By Sharon Begley
NEW YORK (Reuters) Oct 11 - In Dendreon Corp's most important clinical trial for the controversial cancer therapy Provenge (sipuleucel-T), researchers analyzed some of the data differently from how the company told U.S. regulators they would, according to documents reviewed by Reuters.
That not only was a departure from scientific norms, but also artificially inflated the apparent benefit of the prostate cancer therapy when the results were revealed to doctors and investors through a 2010 paper in the New England Journal of Medicine, according to experts in biostatistics and clinical trials.
Dendreon said the discrepancy is immaterial and that Provenge is safe and effective. The U.S. Food and Drug Administration also stood by its April 2010 decision to approve the treatment.
But the disclosure could mark another setback for Dendreon, whose market value has tumbled over 70% in the past eight months after disappointing sales of Provenge. The company also faces at least five lawsuits accusing management of insider trading and misleading shareholders about the treatment's prospects.
All companies seeking FDA approval for their drugs or other therapies tell the agency beforehand how they will analyze data collected in a clinical trial. Once the trials are finished, the FDA determines whether the therapy met the pre-specified goals and is safe and effective.
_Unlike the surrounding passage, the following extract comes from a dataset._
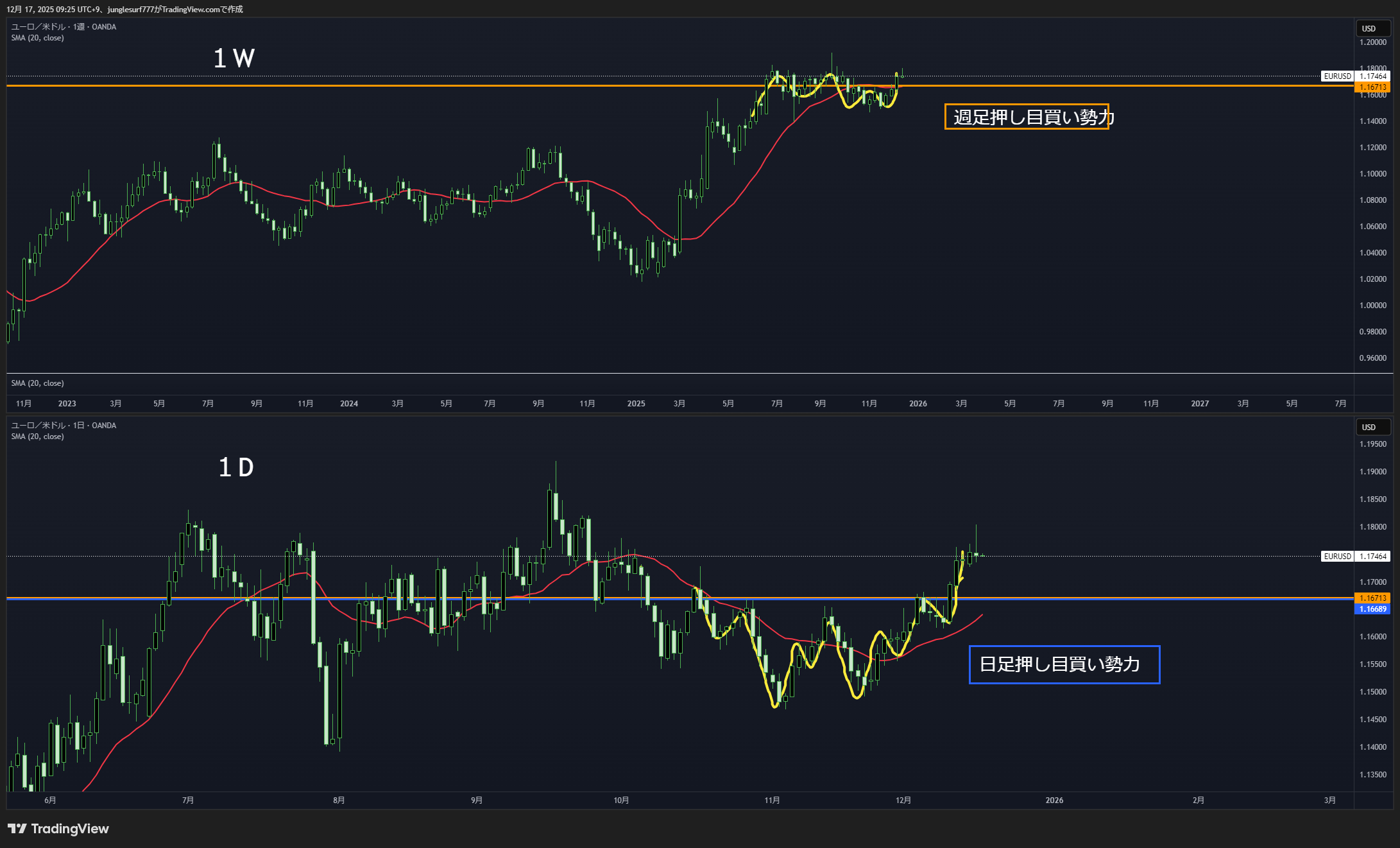オレンジの水平線で押し目買いが入り易い

According to a copy of Dendreon's Statistical Analysis Plan (SAP) submitted to the FDA in early 2008 and reviewed by Reuters, the company said its key trial would look first at whether patients who received Provenge survived longer than patients who received a placebo. The company also said it would analyze whether the therapy affected patients differently depending on whether they were younger than 65, or 65 and over.
But when it published the results of the IMPACT trial in July 2010, the cut-point for that age-based analysis was 71 years, not 65.
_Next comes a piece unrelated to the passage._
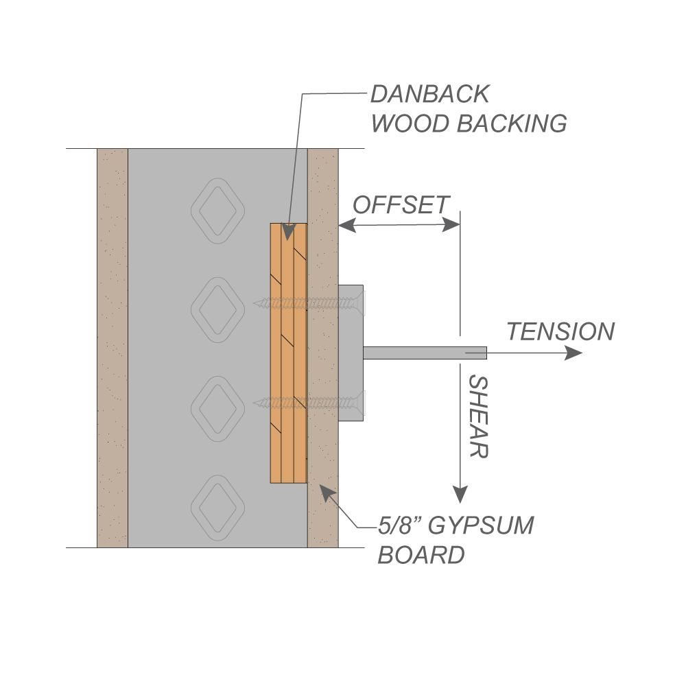 Danback provides superior connection shear and pullout strength to support and meet even some of the heaviest loading conditions. Simply snap, flex and screw Danback into place. The patented hinge design actually flexes around the stud and snaps into place for a perfect fit-every time.

Deviating from pre-specified statistical analyses raises the suspicion "that they didn't like what they saw and went looking for something better," said Harvard School of Public Health biostatistician Scott Evans, who has no link to the clinical trial or Dendreon. "If so, it's data dredging with the possibility of producing a false positive" to reflect well on the drug.
Dendreon denies that it manipulated the data. The company's chief medical officer, Dr. Mark Frohlich, said FDA guidelines require using 65 as a dividing line, but trial researchers later determined that 71 made more sense biologically, since it represented the median age of patients in the trial.
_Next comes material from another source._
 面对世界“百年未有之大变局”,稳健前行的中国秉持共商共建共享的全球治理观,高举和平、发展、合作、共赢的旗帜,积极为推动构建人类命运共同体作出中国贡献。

A spokeswoman for the FDA said that it approved Provenge based on the reported effect for all patients, regardless of age, and the agency stood by that decision. The FDA would not address queries by Reuters on whether the age-related discrepancies in the effects of Provenge cast doubt on the overall value of the treatment.
The New England Journal of Medicine published the age-specific analysis from the IMPACT trial after receiving signed statements from the trial researchers, including Dr. Frohlich, that the data presented matched the plan submitted to the FDA. Following inquiries by Reuters, the journal issued a correction in its October 11 print issue reflecting that the age-based analysis did not.
DOES AGE MATTER?
Provenge is not a traditional drug, but a therapy in which some 25 billion white blood cells are taken from the patient, treated to make them produce immune cells that purportedly target prostate cancer, and infused back into the body.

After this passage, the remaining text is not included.